Secondo la prima ricostruzione Giulia Albini si sarebbe suicidata, ma la vicenda è oscura e non convince nessuno

"Ringraziamo tutti per la vicinanza, la solidarietà e il cordoglio che ci hanno raggiunti in queste ore. È un momento di profonda tristezza, di costernazione, di incredulità. Un momento nel quale le parole perdono di significato e si rendono inutili. Ci uniamo all'immenso dolore della famiglia Albini, che ha bisogno di tranquillita' e dell'amicizia delle persone care". Con queste parole l'Ornavasso volley, A2 italiana, ha detto addio a Giulia Albini, la pallavolista 30enne originaria di Verbania, morta suicida nella notte tra lunedì e martedì ad Istanbul in circostanze ancora misteriose.

I legami con il Ticino

Nellla sua carriera di pallavolista Giulia Albini ha portato anche la maglia del Bellinzona, dal 2007 al 2010. E attualmente lavorava quale fisioterapista presso la clinica Hildebrand di Brissago.
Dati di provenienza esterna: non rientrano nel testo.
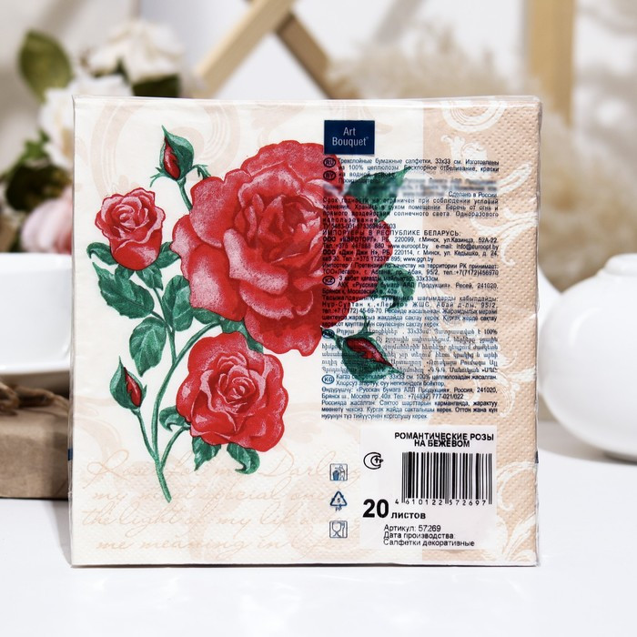 Art Bouquet Набор салфеток бумажных «Романтические розы на бежевом»В данный момент этот товар отсутствует в продаже. Возможно, у нас найдется аналогичный или похожий товар здесь. Бумажные салфетки станут неотъемлемым атрибутом Вашего стола. Изделия выполнены из первичной 100 % целлюлозы премиального качества, отличаются изысканным внешним видом. |

La ricostruzione della tragedia

Stando alla prima ricostruzione la giovane avrebbe noleggiato un'auto a e tarda notte si sarebbe diretta sul ponte Fatih Sultan Mehmet, il secondo ponte sospeso sul Bosforo. Una volta arrivata sul posto si sarebbe poi gettata nelle acque dello stretto da un'altezza di settanta metri, morendo sul colpo al contatto con l'acqua.

Indagini in corso

La vicenda però è oscura e non convince. Tanto che, come scrive Libero, c’è chi pensa all'ipotesi di un rapimento, ad un malore, oppure un’aggressione.

Le persone che la conoscevano

"Una ragazza sensibile, dolce, gioviale, piena di interrogativi sulla vita ma serena", così commenta Giovanna Saporiti, presidentessa dell'Ornavasso, sulle colonne di Libero. "Era sorridente, entusiasta del lavoro di fisioterapista in Svizzera e della pallavolo che per lei era la vita, trascorreva l’estate sul campo di beach volley e programmava le vacanze, so che aveva un compagno ma non aveva detto a nessuno che sarebbe andata a Istanbul. Quando la notizia è arrivata abbiamo pensato a un incidente. Ma a un suicidio, mai".

Dello stesso tono le dichiarazioni dell'ex compagna di squadra, Natalia Viganò, sempre a Libero: "Non ci credo. Non può averlo fatto. Forse è caduta, forse l’hanno assalita per rapinarla, forse l’hanno spinta. Ma Giulia di certo non si è buttata".